Provided data below:
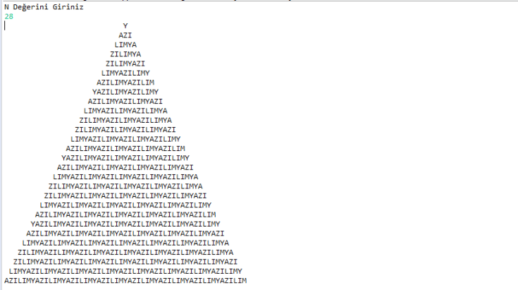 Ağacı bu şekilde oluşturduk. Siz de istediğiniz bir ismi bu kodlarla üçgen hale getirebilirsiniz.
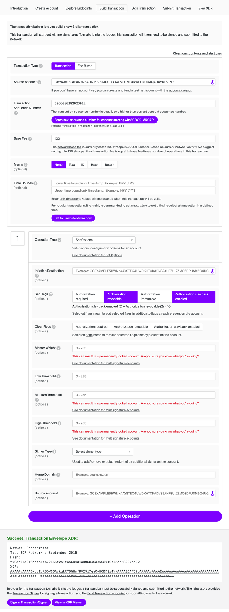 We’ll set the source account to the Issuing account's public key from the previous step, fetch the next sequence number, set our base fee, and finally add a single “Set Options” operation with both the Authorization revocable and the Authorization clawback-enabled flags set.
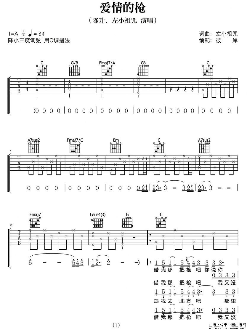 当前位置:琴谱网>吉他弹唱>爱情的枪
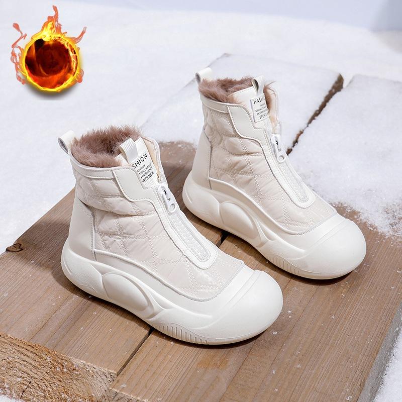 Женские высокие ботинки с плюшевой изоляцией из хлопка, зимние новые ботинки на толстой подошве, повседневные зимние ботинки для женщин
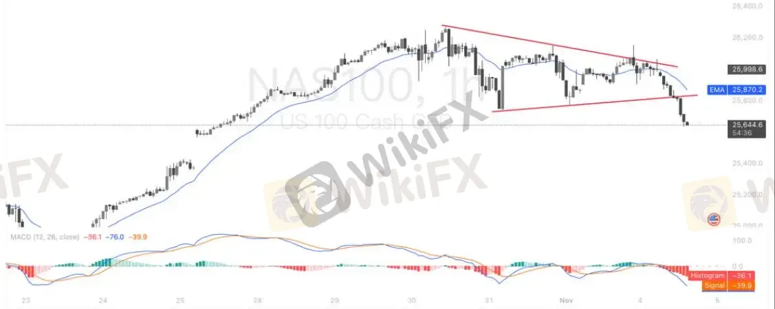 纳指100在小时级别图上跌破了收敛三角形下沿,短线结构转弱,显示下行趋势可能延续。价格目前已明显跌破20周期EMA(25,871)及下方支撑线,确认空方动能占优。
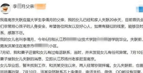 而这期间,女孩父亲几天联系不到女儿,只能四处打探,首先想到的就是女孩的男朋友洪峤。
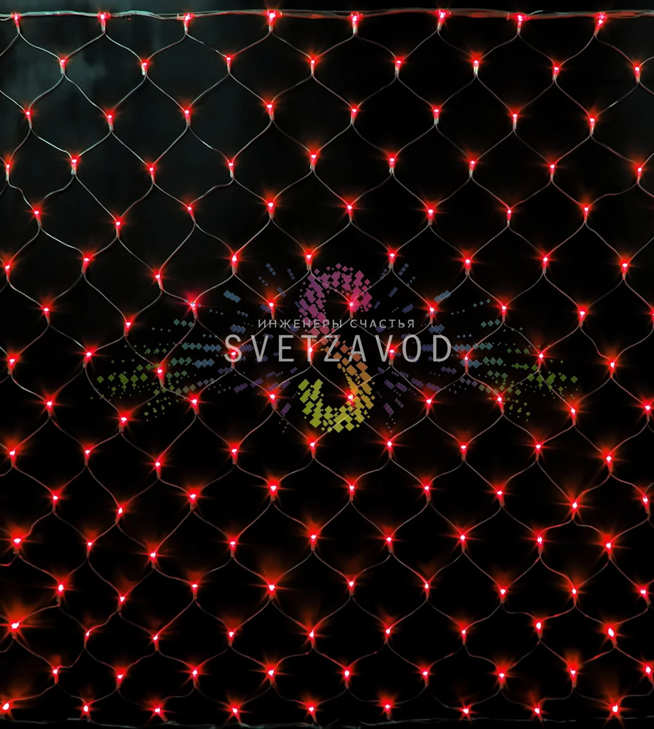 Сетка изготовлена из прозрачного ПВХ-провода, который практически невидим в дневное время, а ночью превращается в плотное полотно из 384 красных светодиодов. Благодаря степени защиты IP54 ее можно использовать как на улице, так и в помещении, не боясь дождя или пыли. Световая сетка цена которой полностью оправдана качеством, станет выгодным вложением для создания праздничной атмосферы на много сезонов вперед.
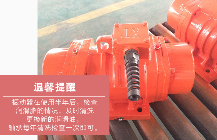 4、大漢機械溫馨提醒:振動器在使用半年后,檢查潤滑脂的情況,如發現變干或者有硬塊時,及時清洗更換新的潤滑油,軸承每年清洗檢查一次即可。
End of Provided data.
Copy the records above exactly, from the first line through the line containing "而这期间,女孩父亲几天联系不", and leave out the pictures.

- Output of the exercise:
 Ağacı bu şekilde oluşturduk. Siz de istediğiniz bir ismi bu kodlarla üçgen hale getirebilirsiniz.
 We’ll set the source account to the Issuing account's public key from the previous step, fetch the next sequence number, set our base fee, and finally add a single “Set Options” operation with both the Authorization revocable and the Authorization clawback-enabled flags set.
 当前位置:琴谱网>吉他弹唱>爱情的枪
 Женские высокие ботинки с плюшевой изоляцией из хлопка, зимние новые ботинки на толстой подошве, повседневные зимние ботинки для женщин
 纳指100在小时级别图上跌破了收敛三角形下沿,短线结构转弱,显示下行趋势可能延续。价格目前已明显跌破20周期EMA(25,871)及下方支撑线,确认空方动能占优。
 而这期间,女孩父亲几天联系不到女儿,只能四处打探,首先想到的就是女孩的男朋友洪峤。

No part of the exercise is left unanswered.